American railroad executive

Lucius E. Johnson (April 13, 1846 - February 9, 1921) was a president of the Norfolk and Western Railway from September 30, 1903, until the mid teens, when he was named chairman of the board, a position he held until his retirement on January 1, 1921. For five months in 1918 (during World War I), he served as chairman of its board. He lived in Roanoke, Virginia, United States.

Johnson started his railroad career after leaving school in Aurora, working as a brakeman, fireman, then locomotive engineer. He became a master mechanic at Aurora. In 1886, he was made superintendent of the St. Louis division of the Chicago, Burlington and Quincy R. R. In December, 1888, he returned to Aurora as superintendent of the Chicago division of the same road.
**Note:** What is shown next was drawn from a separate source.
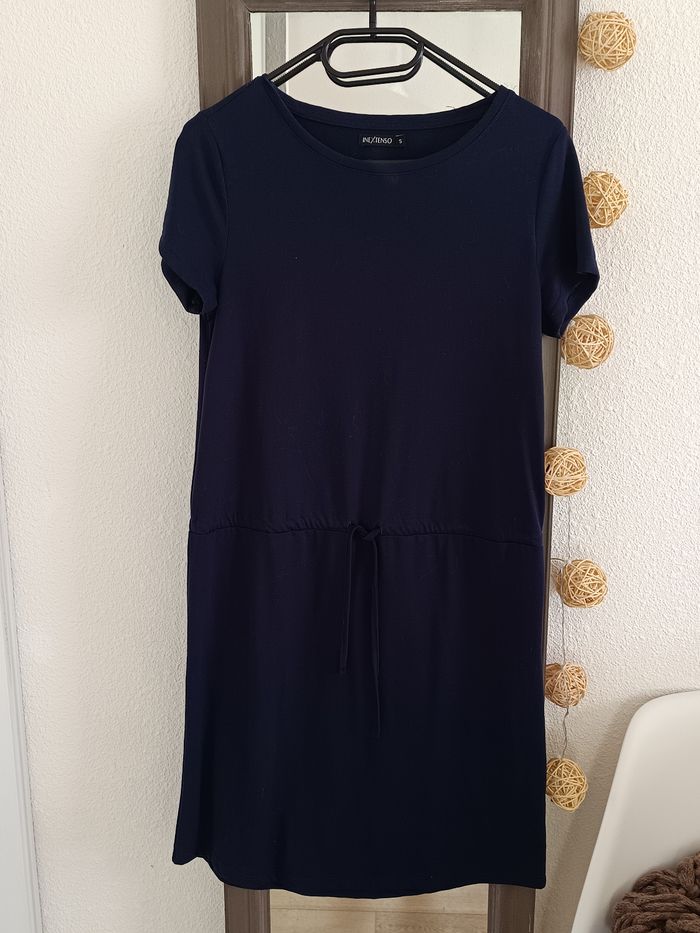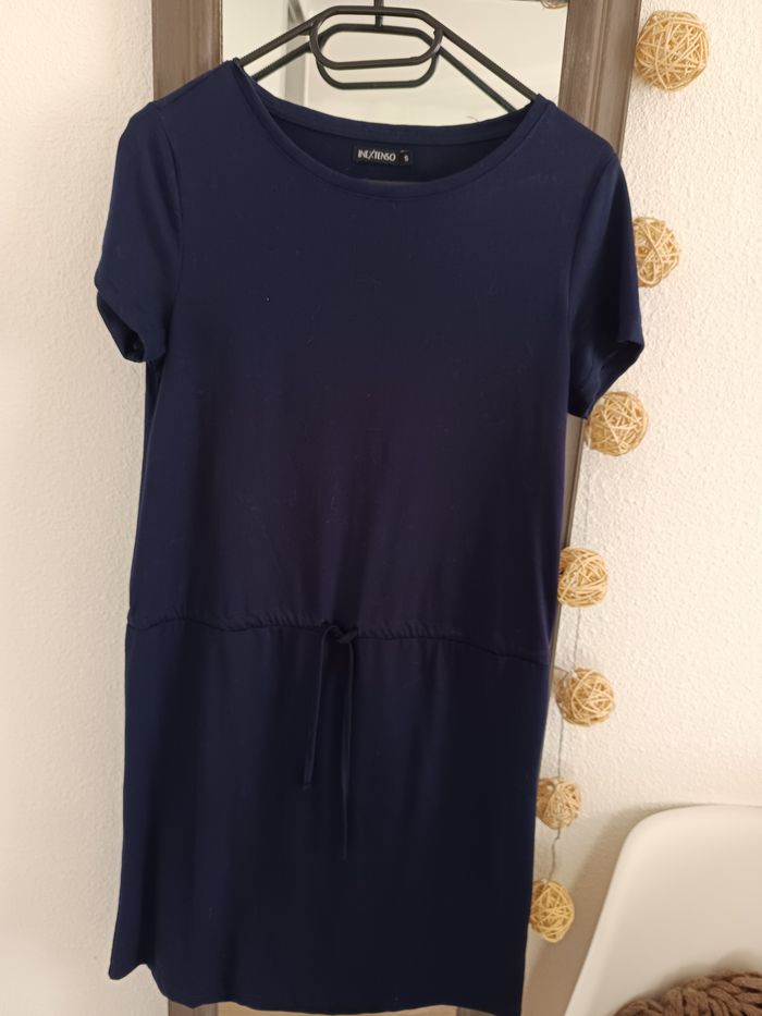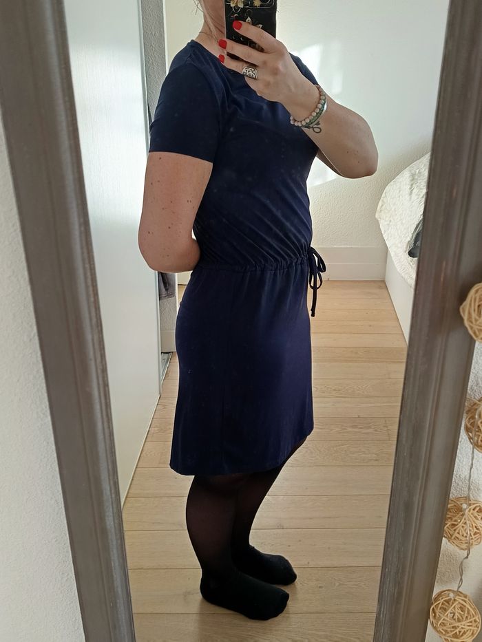 Robe mi longue bleu marine, resserrée par la taille avec un cordon justable. Taille S de la marque In Extenso, très bon état.

In 1890, he was asked to take the superintendency of the Montana Central Railroad, with headquarters at Helena, Montana. In less than three years, he was made superintendent of the Michigan division of the Lake Shore and Michigan Southern Railroad, and in July, 1897, became general superintendent of the Norfolk and Western Railway. In two years, he was made vice-president and general manager of the whole Norfolk and Western system. On September 30, 1903, Lucius E. Johnson was elected to the presidency of the Norfolk and Western Railway.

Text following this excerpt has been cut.